- Material to process -
== Segment start ==

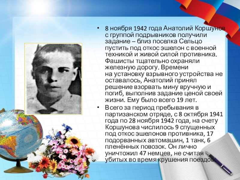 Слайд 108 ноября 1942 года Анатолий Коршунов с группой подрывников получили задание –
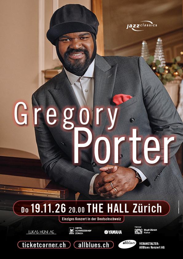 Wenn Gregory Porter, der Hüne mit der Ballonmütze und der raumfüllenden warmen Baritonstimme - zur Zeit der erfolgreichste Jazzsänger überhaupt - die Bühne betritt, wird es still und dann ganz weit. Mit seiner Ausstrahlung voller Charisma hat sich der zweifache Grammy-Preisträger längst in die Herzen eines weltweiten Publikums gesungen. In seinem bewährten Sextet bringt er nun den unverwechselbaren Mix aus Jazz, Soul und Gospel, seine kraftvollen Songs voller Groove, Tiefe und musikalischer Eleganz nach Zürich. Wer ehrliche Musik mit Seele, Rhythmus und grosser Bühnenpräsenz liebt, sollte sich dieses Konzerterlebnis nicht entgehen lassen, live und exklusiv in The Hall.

== Segment end ==
== Segment start ==

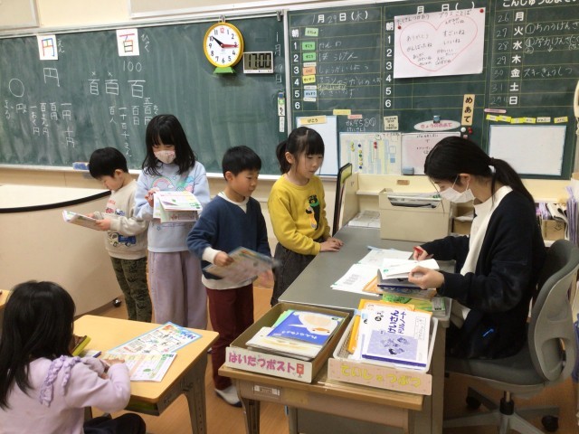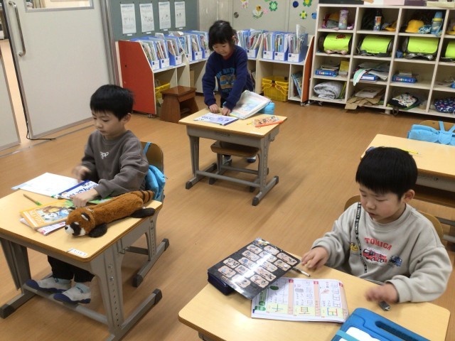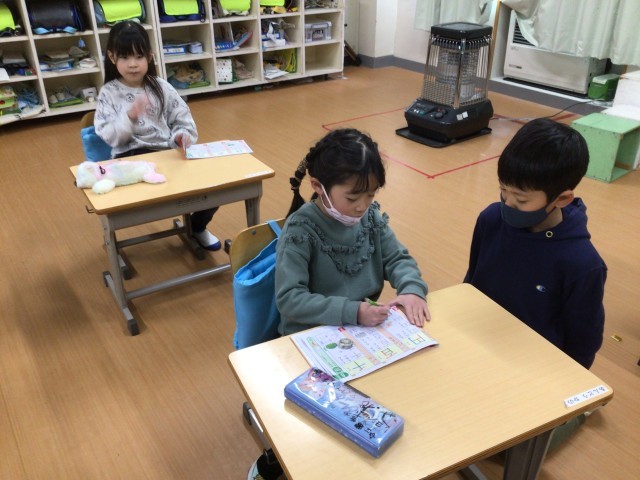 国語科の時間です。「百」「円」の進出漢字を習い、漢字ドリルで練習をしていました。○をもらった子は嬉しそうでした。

== Segment end ==

- Exercise prompt -
Give back exactly the lines above that run from the one with "Слайд 108 ноября" to the one with "Wenn Gregory Porter, der", including both, with the pictures left out.

- Task answer -
 Слайд 108 ноября 1942 года Анатолий Коршунов с группой подрывников получили задание –
 Wenn Gregory Porter, der Hüne mit der Ballonmütze und der raumfüllenden warmen Baritonstimme - zur Zeit der erfolgreichste Jazzsänger überhaupt - die Bühne betritt, wird es still und dann ganz weit. Mit seiner Ausstrahlung voller Charisma hat sich der zweifache Grammy-Preisträger längst in die Herzen eines weltweiten Publikums gesungen. In seinem bewährten Sextet bringt er nun den unverwechselbaren Mix aus Jazz, Soul und Gospel, seine kraftvollen Songs voller Groove, Tiefe und musikalischer Eleganz nach Zürich. Wer ehrliche Musik mit Seele, Rhythmus und grosser Bühnenpräsenz liebt, sollte sich dieses Konzerterlebnis nicht entgehen lassen, live und exklusiv in The Hall.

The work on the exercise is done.